内田篤人、現役引退後初の著書のテーマはメンタル。発売2週間で重版が決定するなど『ウチダメンタル』が話題を呼んでいる。その考え方は独特で「強い・弱い」ではなく「上か下」でメンタルを捉え、その振れ幅が少ない人ほどいいパフォーマンスが発揮できる、というものだ。
「隅っこ」のポジション
こうやってメンタルを捉えるようになって、変わったのは人の見方・ものの見方だと思う。もともと、斜に構えているところはあったけど、でもね、高校生のころまではマジで純粋ないい子だったんだよね。周りの人は信じてくれないかもしれないけど。
鹿島に入り、日本代表にも呼ばれ、いろいろな経験をしながら僕は、自分なりのメンタル管理法を身につけていった。
そして、それに合ったものの見方ができるようになってきた。
もともと、サイドバックって「隅っこ」のポジションだから、人とは違ったサッカーや姿が見えるのかもしれない。
言いたいことをサラッと言う。そんなふうに指摘されたこともあったけど、ものの見方がちょっと人と違うのかもしれないし、そういう見方で感じたことをそのまま口にするからじゃないかな、って思っている。
例えば、アスリートとして自分を律する、ということ。
規則正しい生活をして、栄養バランスを考えて、しっかりとした睡眠をとる。
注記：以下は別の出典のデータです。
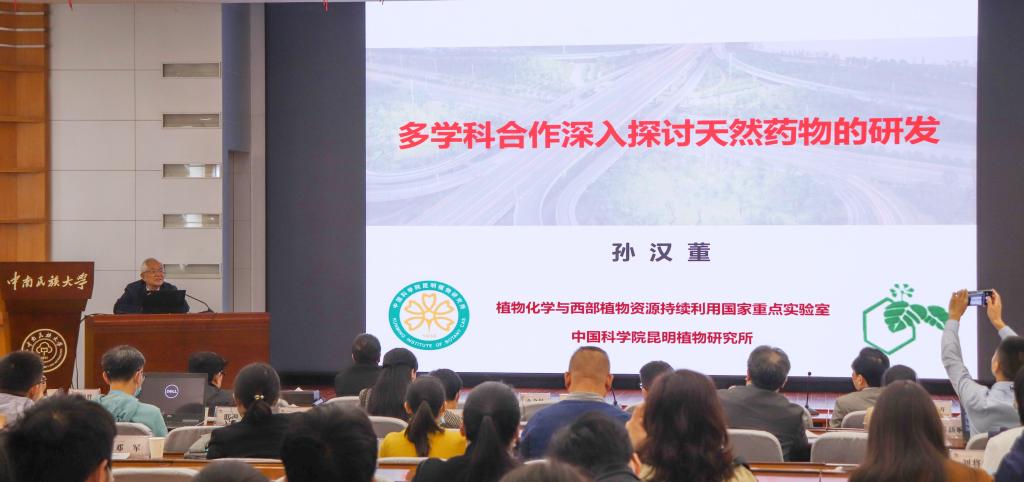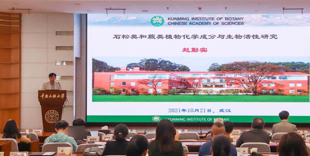 隨后,12名專家學者圍繞“天然產物化學與藥物化學”的主題進行交流,報告了近幾年的學術貢獻和重要創新成果。孫漢董院士以《多學科合作深入探討天然藥物的研發》為題,報告了對天然藥物研發的思考,認為天然產物藥物研發必須融合藥物化學、藥理學等多學科知識,才能取得重大成果。中國科學院昆明植物研究所研究員趙勤實結合實驗結果,介紹了石松類、蕨類植物的化學成分與生物活性情況,報告了課題組近年來的相關研究進展。我校藥學院馮濤教授報告了“真菌特有天然產物研究”情況,列舉了課題組近年來在真菌特有的倍半萜、二萜和三萜方面研究取得的系列成果,包括新類型化合物的發現以及藥理活性方面的進展。參會專家學者就面臨的學術難點、發展瓶頸進行了深入的現場交流,共同呈現了一場精彩的學術盛宴。

自分と厳しく向き合うのがアスリートの務めだし、大事なことだと思っている。
鹿島に入ってから、最初のうちはちゃんと「自分を律する」ことをしていた。でも、さまざまな経験をしていくうちに、それじゃあつまんない、縛られたくないって思うようになった。
それから、少しずつ自分のやり方を変えていった。試合前はしないけど、それ以外の日だったら夜更かししてゲームをしてもいい、とか、遊びに行ってもいい、とか、自分で最低限のルールを決めながら、ストレスを感じない方法を選択した。
大事なのは結果であり、勝利だ。夜遅くまでゲームをする日が続いて試合に勝てなかった、パフォーマンスが悪かった、としたら、そのときにそのスタイルを変えよう、って。
必然的に、言葉もそうなっていく。そもそも差しさわりのない、嘘っぽい言葉が嫌いだから、思ったように言ってしまう。サッカー選手として、夜更かししてるのは良くないんじゃない? とか、女の子と遊びに行くのは我慢したら? なんて聞かれたら、「いやー、関係ないでしょう。そこで我慢してプレーが悪くなるくらいだったら、そうじゃないほうをとりたいって僕は考えます。もし、結果が出なかったら、変えなきゃいけないけどね」って。